После окончания церковно-приходской школы пришлось работать по дому, на фабрике мне работы не нашлось по возрасту. Отец научил плести лыковые лапти. Я их плел и сам продавал на базаре. Плохо, но все же покупали. Выручка была небольшая, однако поддержка семейному бюджету была. После лаптей освоил туески для грибов. Их у меня охотнее брали. Траву козам накосить – тоже моя была работа.

Про свержение царя узнали не сразу. Приехал как-то зимой зять Иван и кое-что рассказал нам. Власть, дескать, сейчас у большевиков, царя скинули, за порядком следит ЧК.

Посоветовал языки не распускать, лучше помалкивать – ЧК говорунов не любит. Спасибо, что предупредил. Впоследствии мы нагляделись такого, что не дай Бог…

Как в наказание, пришли засухи, и стало очень голодно. У крестьян начали отбирать зерно, даже посевное; хлеб в лавках стал быстро дорожать. Ко всему прочему стала нестабильно работать кормилица-фабрика из-за плохой поставки сырья. Что дальше делать, надо как-то спасаться? Собрались мужики обсудить обстановку. Пригласили на совет Марию Александровну – она пользовалась большим авторитетом в поселке. Выслушав народ, учительница предложила собрать партию мужиков – по одному от семьи – и отправить в Омскую губернию на закупку хлеба – там урожаи, по ее словам, в последнее время были хорошие. Во главе группы предложила поставить умного, надежного мужика. Подумал, подумал народ и согласился – другого выхода не виделось.

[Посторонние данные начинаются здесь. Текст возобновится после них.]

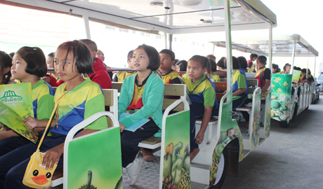 คุณนภินทร - คุณวีณา ศรีสรรพางค์ ผู้บริหารระดับสูงตลาดศรีเมือง พร้อมผู้บริหาร ร่วมให้การต้อนรับ คุณชัชวาล เบญจมานุกูล ผู้อำนวยการโรงเรียนทุ่งหญ้าคมบาง ต.ดอนแร่ อ.เมือง จ.ราชบุรี นำคณะครูและนักเรียนระดับชั้นประถมศึกษาปีที่ 3 – 6 มาศึกษาดูงานที่ตลาดศรีเมือง โดยมีคุณธนภณ พัฒนา ผู้จัดการฝ่ายพัฒนาการผลิต ให้การต้อนรับ ณ โรงหนังกันตนา ตลาดศรีเมือง เมื่อวันที่ 13 มกราคม 2559 พร้อมกันนี้ คณะศึกษาดูงานได้ขึ้นรถโมบายเยี่ยมชมบริเวณต่างๆ ภายในตลาดด้วย
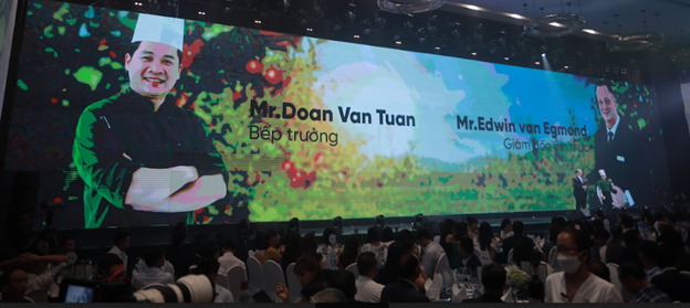 Mr. Edwin van Egmond – Giám đốc ẩm thực đánh giá: “Chúng tôi đã tổ chức rất nhiều những sự kiện quy mô lớn, có những lần số lượng khách lên đến 2000 người. Đây là lần đầu tiên có đơn vị tổ chức sự kiện lại yêu cầu 1 menu đồ ăn cầu kỳ gồm nhiều nguyên liệu đặc biệt đến vậy. Menu lần này là sự thử thách rất lớn đối với chúng tôi. Nhìn những thực khách thưởng thức đầy đủ những món ăn được dày công chuẩn bị, quả thật tôi rất vui. Có thể thấy Tập đoàn Hòa Phát rất trân trọng sự có mặt của những vị khách tối nay”.

Стали собирать деньги. Кто распродавал барахло, кто пить стал меньше. Фабрика пока еще кое-как работала, заработок с перерывами платили. От нашей избы отец назначил ехать меня, сам он не мог из-за разбитой руки. А я уже двухпудовые мешки в том возрасте поднимал. К сентябрю наскребли кое-какую сумму. Мать зашила ее мне в специальный пояс. На прощание она сняла свой гайтан с медным крестиком и надела на меня. Когда партия отправлялась в дорогу, весь поселок провожал нас. Мои стояли в сторонке и тоже махали мне руками.

На железнодорожном вокзале дядя Авдей – глава нашей партии – купил на всех билеты до Омска, и мы, толкаясь, забрались в вагон. На душе у меня было тоскливо, полегче стало, когда поезд тронулся. Ехали долго, спали сидя, положив головы на свои «сидоры» с сухарями – боялись воровства.

Приехали в Омск затемно, на вокзале было темно и пусто, изредка мелькали фигуры шныряющих беспризорников. Мы устало разлеглись по лавкам и сразу же уснули. Когда я проснулся, было уже светло, зал был полон народу. К своему ужасу я обнаружил, что мой мешок с сухарями исчез, пояс с деньгами тоже. Мало этого, исчезли мои земляки. В пору было «караул!» кричать. Кинулся искать свою партию, но, сколько ни бегал, никого не нашел. Обессиленный и жутко расстроенный, я не выдержал, сел на лавку и заплакал навзрыд. Слезы ручьями лились по моим грязным щекам. Тут ко мне подсел узкоглазый мужик в лисьей шапке и драном стеганом халате. Он с любопытством уставился на меня. «Что, парнишка, плачешь, верно кушать хочешь?» - тонким голосом произнес незнакомец. Не дожидаясь ответа, он протянул мне кусок жесткого, вяленого мяса. Я взял угощение, буркнув сквозь слезы: «Спасибо». С трудом прожевывая куски сухой говядины, я постепенно успокоился. Так началось мое знакомство с Сибирью.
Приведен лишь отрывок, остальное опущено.